Billy sat on the bed and stared out the window. The sky warmed, splashing amber waves across the meadow. Golden rays shone through the gauze of willow trees, kissing the sheen of dew that blanketed the world. Until, at last, the sun burst free from the earth, blinding and radiant above the slabs and spires of stone that held quiet vigil in the graveyard on the hill.


Billy sat there for over an hour, waiting. He drummed his fingers against the cast, and rocked back and forth on the bed, repeating a silent prayer to anything that would listen.


He scoured his notes from the dream, desperate to find something that he might've missed. After countless reviews of underlined passages and circled words and bolded arrows of ink on the page, Billy crumpled it up and tossed it at the bin. The paper bounced off the rim, and rolled to a stop on a grooved heating vent.


I was wrong, he thought, slamming his head down on the pillows and making the whole bed shake. It's all wrong. 


He heard his father's car honk twice. He was departing early for work to make up for taking the afternoon off. He heard his mother clomping around the kitchen. She was cooking the 'special breakfast' that was meant as some kind of consolation prize for the bad news to come. 


Billy curled in a one-legged ball with the pillows around his head. He began to drift, lost in defeat and the dull thump of his own heart droning in his skull. The boy resigned himself to a brief sleep, to one last escape before his life changed forever.


But then something happened. It was an entirely unexpected something, a violent shake that freed the boy from his daze and despair.


Screaming.


Billy's mother was screaming downstairs. He heard the backdoor slam, and confusion in the kitchen. There was stomping across the living room, and a clumsy thunder up the stairs.

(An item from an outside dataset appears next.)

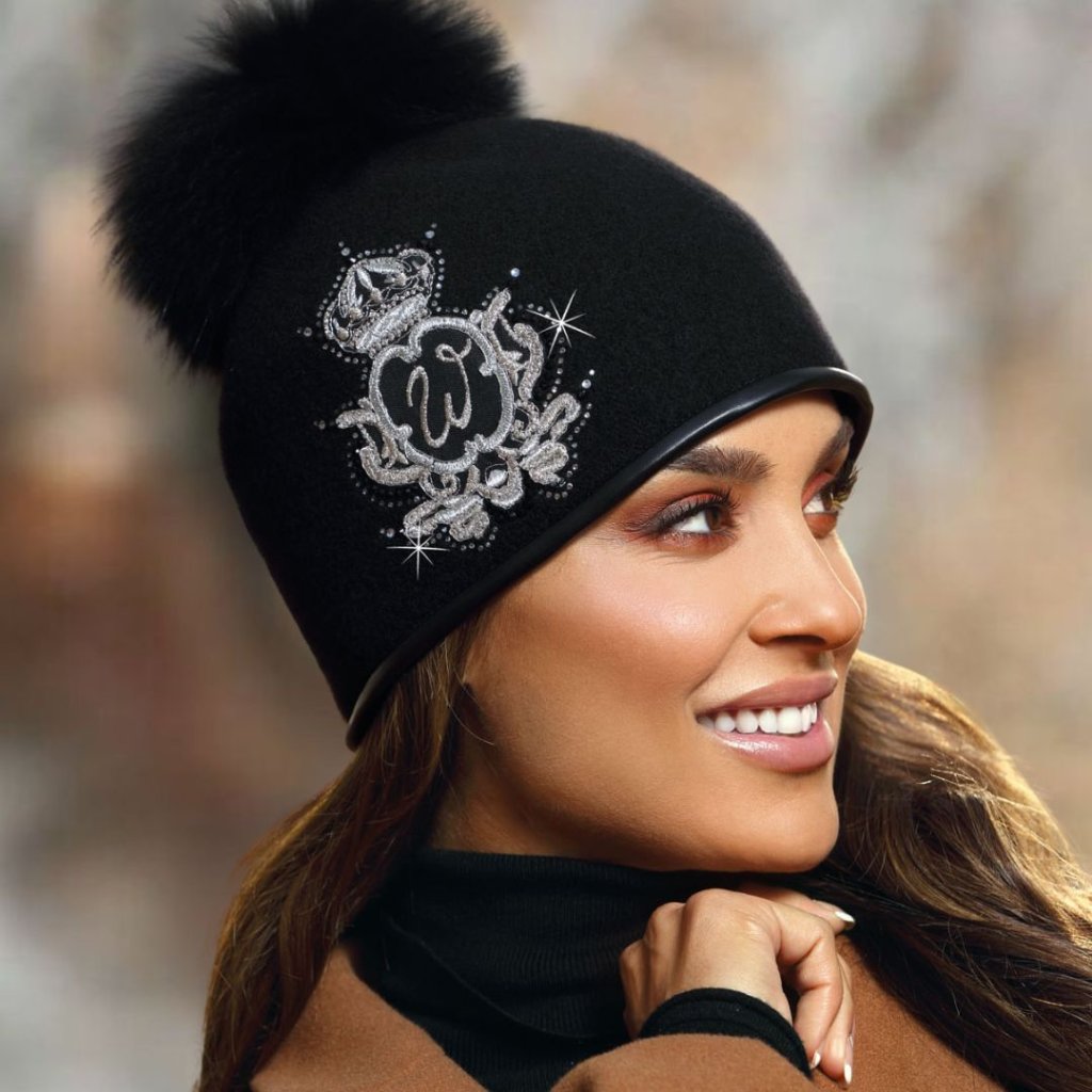 Módní zimní černá čepice s bambulí z hřejivé a měkké certifikované vlny Woolmark, která se dokonale přizpůsobí každé velikosti hlavy. Módní charakter dámské čepici dodává aplikace tvořená z originální výšivky a třpytivých broušených kamenů. Dámský kulich doplňuje přírodní kožešinová bambulka. Dámská čepice s bambulí má teplou a měkkou podšívku a nastavitelné šňůrky v lemu pro snadnou úpravu velikosti.

The bedroom door burst open, and there was Elizabeth Brahm — panting, sheet-white, with both eyes popping out of her head like an angry cartoon. She held a pair of field binoculars in her pale, trembling hands.


"What's going on?" Billy sat up, feigning sudden wakefulness.


"I need to–" she struggled for breath, "I need to see something." She moved to the window and held the binoculars up, smooshing her glasses askew. She squinted, bent the lens arms, and adjusted the focus knob with a shaky thumb.

"Oh no...oh no, no, NO!"


"What is it?" Billy said, pressing his face against the glass and following her line of sight. She was aimed at the back garden.